=== Assignment ===
In the records below, find the line with "Prostředek kolektivní ochrany", then retype it and every following line exactly, stopping after the line with "white face, black". Leave the pictures out.

[Supplied information Boundary: Start]

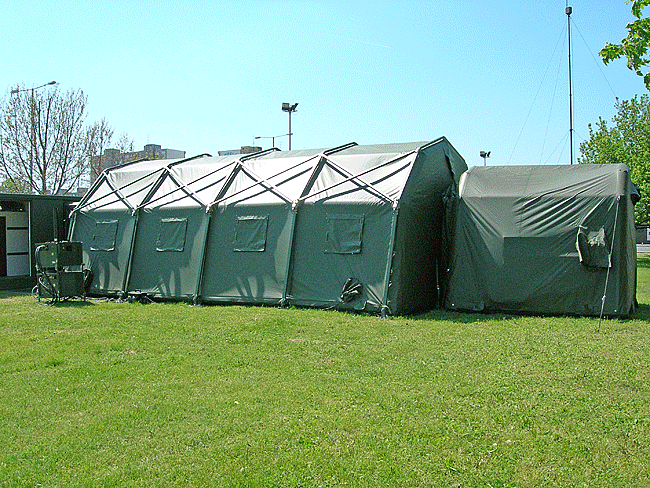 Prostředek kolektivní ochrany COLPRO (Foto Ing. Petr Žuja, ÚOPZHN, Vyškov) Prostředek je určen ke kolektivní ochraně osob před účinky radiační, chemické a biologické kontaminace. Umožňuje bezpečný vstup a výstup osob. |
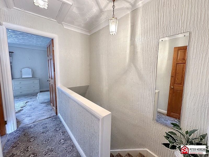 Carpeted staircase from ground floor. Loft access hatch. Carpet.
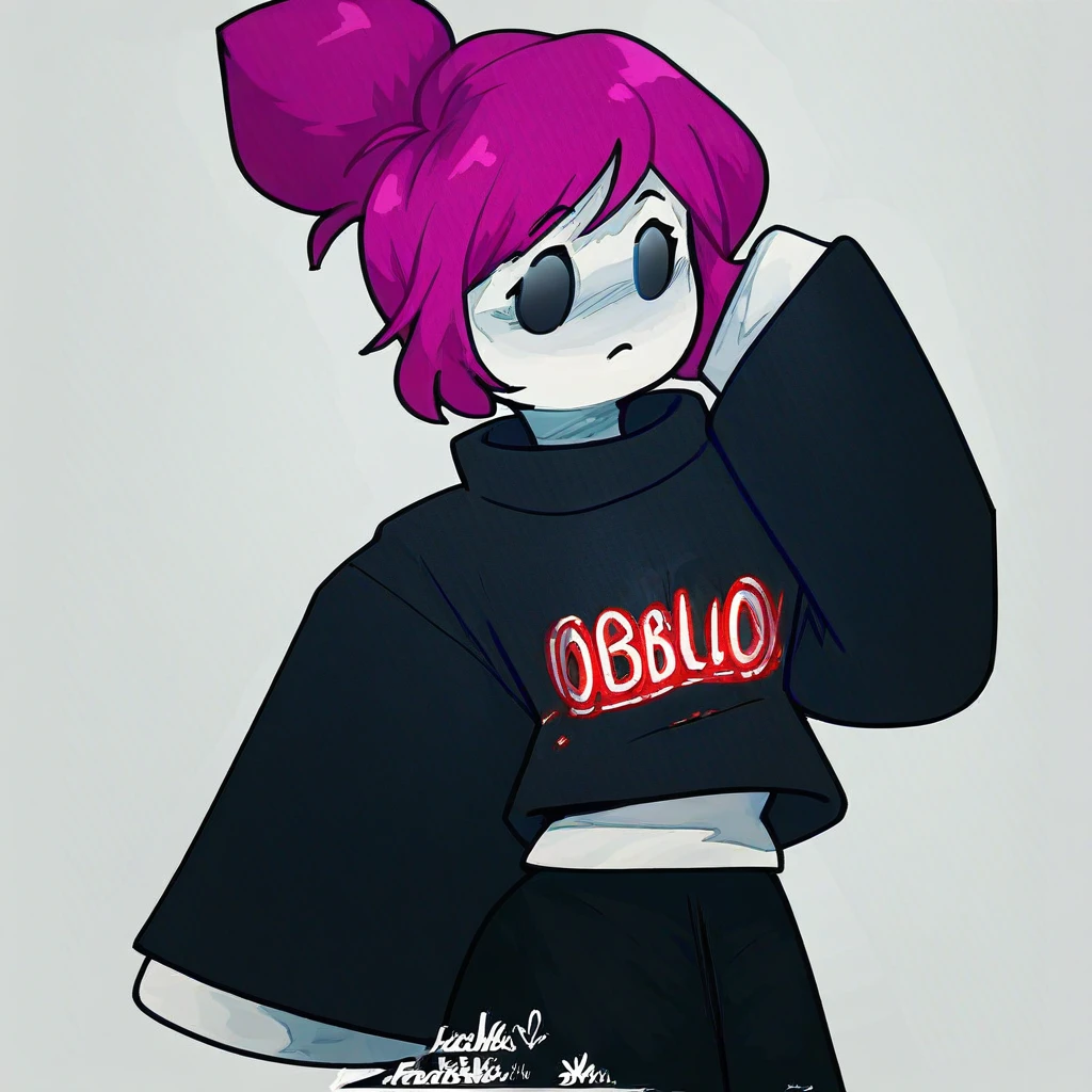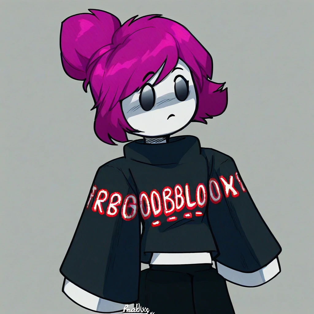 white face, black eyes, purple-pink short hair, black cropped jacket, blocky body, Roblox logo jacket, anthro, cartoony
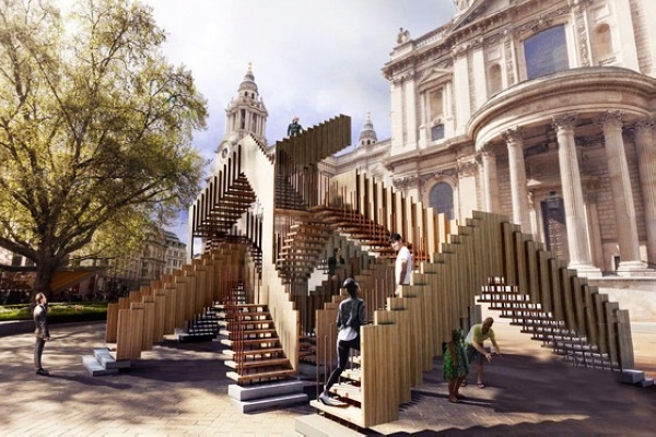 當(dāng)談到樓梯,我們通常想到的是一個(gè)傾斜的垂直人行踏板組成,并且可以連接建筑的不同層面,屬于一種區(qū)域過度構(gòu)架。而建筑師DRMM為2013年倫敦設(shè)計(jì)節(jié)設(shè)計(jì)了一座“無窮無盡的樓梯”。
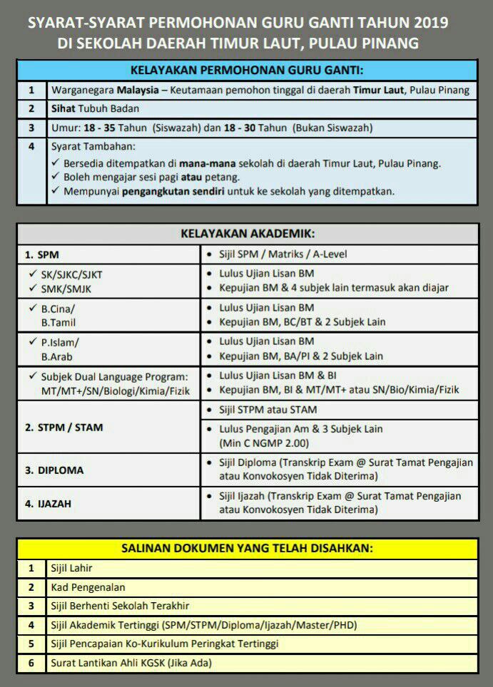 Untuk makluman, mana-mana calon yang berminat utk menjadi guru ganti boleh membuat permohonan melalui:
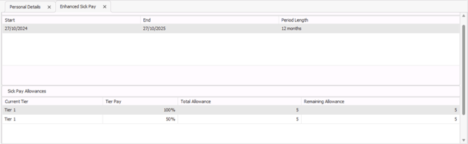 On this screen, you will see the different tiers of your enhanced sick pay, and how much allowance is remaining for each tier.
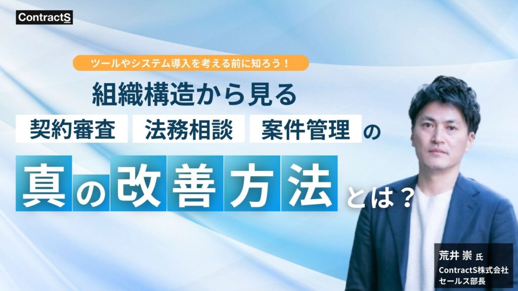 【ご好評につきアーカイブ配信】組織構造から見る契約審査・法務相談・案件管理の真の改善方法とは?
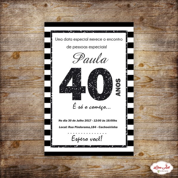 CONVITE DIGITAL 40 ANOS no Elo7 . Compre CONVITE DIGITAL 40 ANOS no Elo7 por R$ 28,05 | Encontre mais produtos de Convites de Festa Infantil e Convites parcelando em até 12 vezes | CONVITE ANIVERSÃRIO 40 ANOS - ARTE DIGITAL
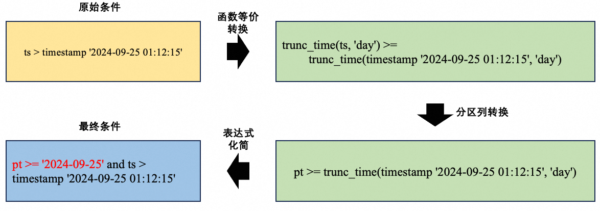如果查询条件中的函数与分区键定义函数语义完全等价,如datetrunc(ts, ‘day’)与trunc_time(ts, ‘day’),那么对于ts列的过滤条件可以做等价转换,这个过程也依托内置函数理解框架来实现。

[Supplied information Boundary: End]
[Supplied information Boundary: Start]

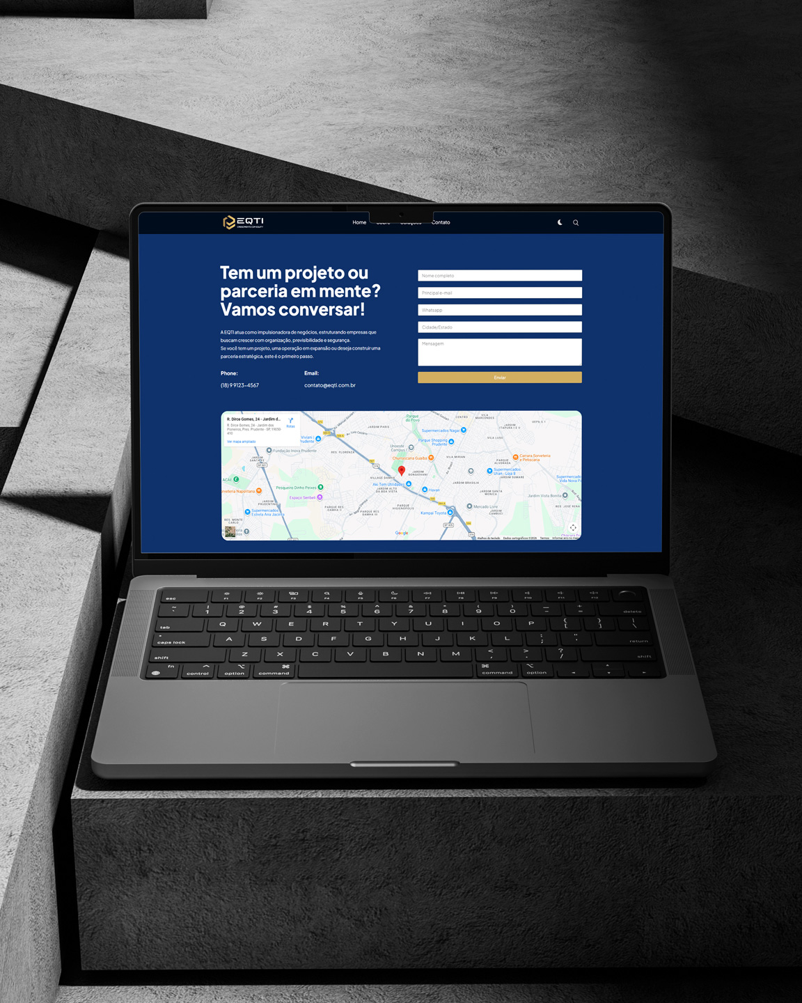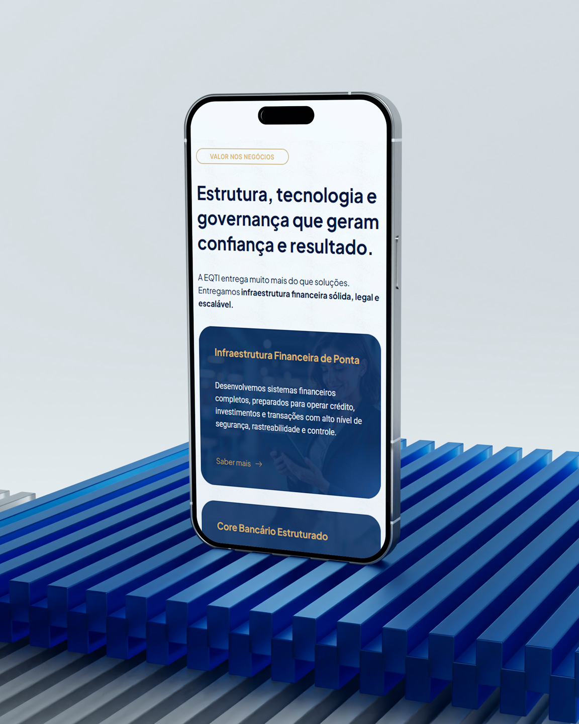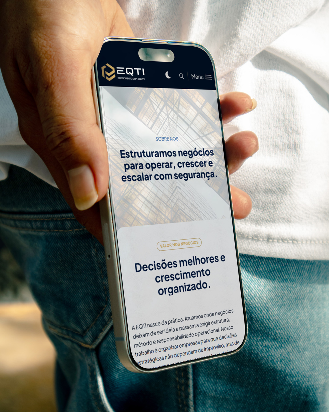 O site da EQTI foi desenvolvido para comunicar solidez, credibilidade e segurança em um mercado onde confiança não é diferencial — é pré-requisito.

[Supplied information Boundary: End]

=== Answer to this problem ===
 Prostředek kolektivní ochrany COLPRO (Foto Ing. Petr Žuja, ÚOPZHN, Vyškov) Prostředek je určen ke kolektivní ochraně osob před účinky radiační, chemické a biologické kontaminace. Umožňuje bezpečný vstup a výstup osob. |
 Carpeted staircase from ground floor. Loft access hatch. Carpet.
 white face, black eyes, purple-pink short hair, black cropped jacket, blocky body, Roblox logo jacket, anthro, cartoony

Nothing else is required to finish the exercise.